━━━━━ Data shown ━━━━━

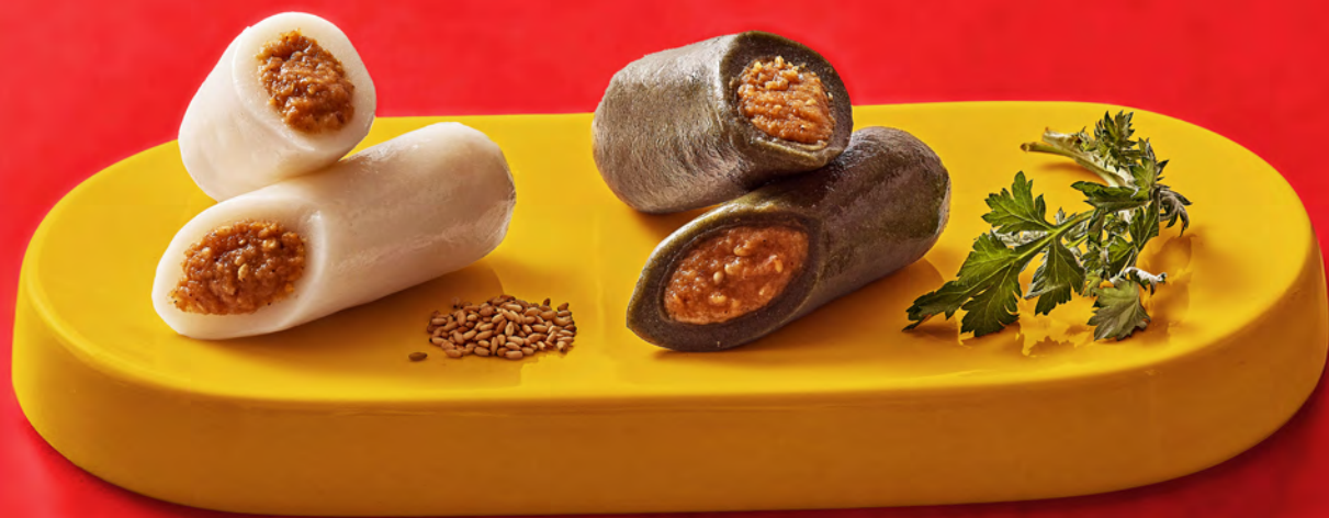
26-01-3501 母父堂 綜合芝麻蜜年糕 售價 680 元 初登場
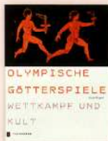
Ulrich Wegner Olympische Götterspiele Wettkampf und Kult

[Thorbecke, Ostfildern 2004, 208 S., 400 Abb., € 29,90]
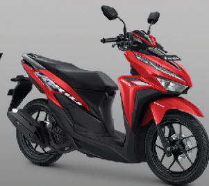
Baru Advance Red (CBS)
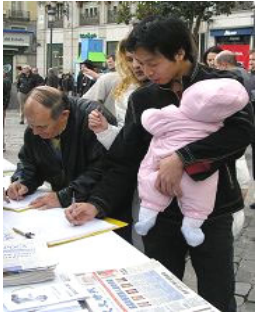
签字声援两千万中国人退出中共邪党

这些记录着中共残害中国人民的图片，触动了人们的内心深处。越来越多的海外中国人在觉醒。
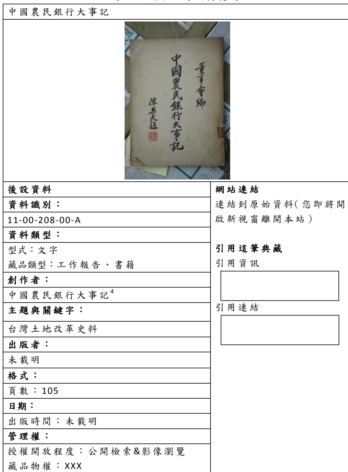
表三、聯合目錄網頁範例

下列為資料對照至聯合目錄後，聯合目錄檢索結果之顯示版面。若無資料匯入的欄位，聯合目錄則不會顯示，請見表三。
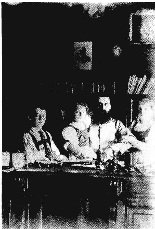
HERZL TIVADAR GYERMEKEIVEL BÉCSI DOLGOZÓSZOBÁJÁBAN

a járadék fizetését, s megszakította kapcsolatát a zsinagógával. Karl Marx apja inkább vállalta az áttérést, mint hogy elveszítse állását. E két híres 19. századi „új nem zsidó” esete példázza, mennyire csalóka a zsidó lét dilemmájából kivehető útként a keresztiséget választani: kortársai zsidónak tekintették Disraelit éppúgy, mint Marxot (még ma is így említik őket), továbbá mindkettejük írásaiból kiviláglik – habár igen különböző módon –, milyen nagymértékben foglalkoztatta őket zsidóságuk kérdése.
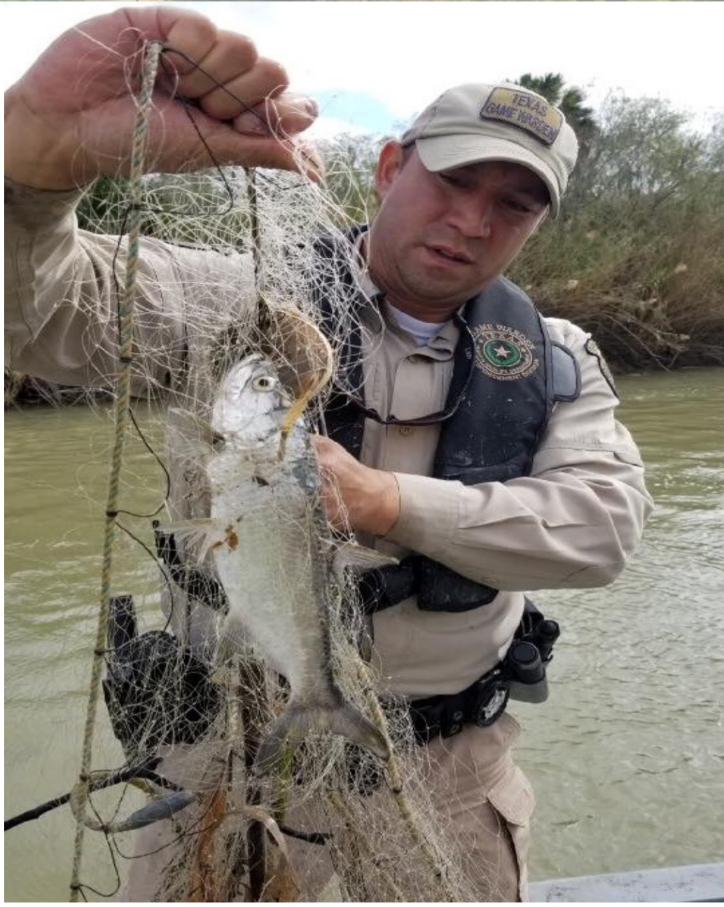
Extracción de una red de enmalle (enero 2019)

En el golfo de México y en los embalses internacionales de Falcón y Amistad también operan ilegalmente barcos pesqueros mexicanos con redes de enmalle y pesca con palangre (en inglés, longlining ), ambas artes prohibidas en aguas de Texas. En aguas del golfo de la zona económica exclusiva de Estados Unidos ( ver Newsletter, núm.4/16 ), la U.S. Coast Guard estima que anualmente se producen más de 1,100 entradas ilegales de barcos de pesca, procedentes de puertos de México. La pesca ilegal es vista como un problema por distintas agencias (Texas Game Wardens, U.S. Coast Guard, U.S. Customs & Border Protection y el Department of Homeland Security ), por lo que comparten recursos para patrullar estas aguas.
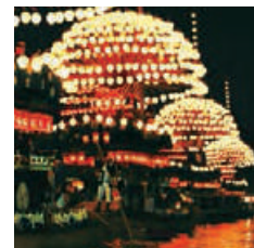
#TSUSHIMA TENNO MATSURI Name:マッキー

━━━━━

◆ Required action: Pictures stay out. Print the data exactly, from its first line through the line containing "HERZL TIVADAR GYERMEKEIVEL".

◆ Expected answer:
26-01-3501 母父堂 綜合芝麻蜜年糕 售價 680 元 初登場
Ulrich Wegner Olympische Götterspiele Wettkampf und Kult

[Thorbecke, Ostfildern 2004, 208 S., 400 Abb., € 29,90]
Baru Advance Red (CBS)
签字声援两千万中国人退出中共邪党

这些记录着中共残害中国人民的图片，触动了人们的内心深处。越来越多的海外中国人在觉醒。
表三、聯合目錄網頁範例

下列為資料對照至聯合目錄後，聯合目錄檢索結果之顯示版面。若無資料匯入的欄位，聯合目錄則不會顯示，請見表三。
HERZL TIVADAR GYERMEKEIVEL BÉCSI DOLGOZÓSZOBÁJÁBAN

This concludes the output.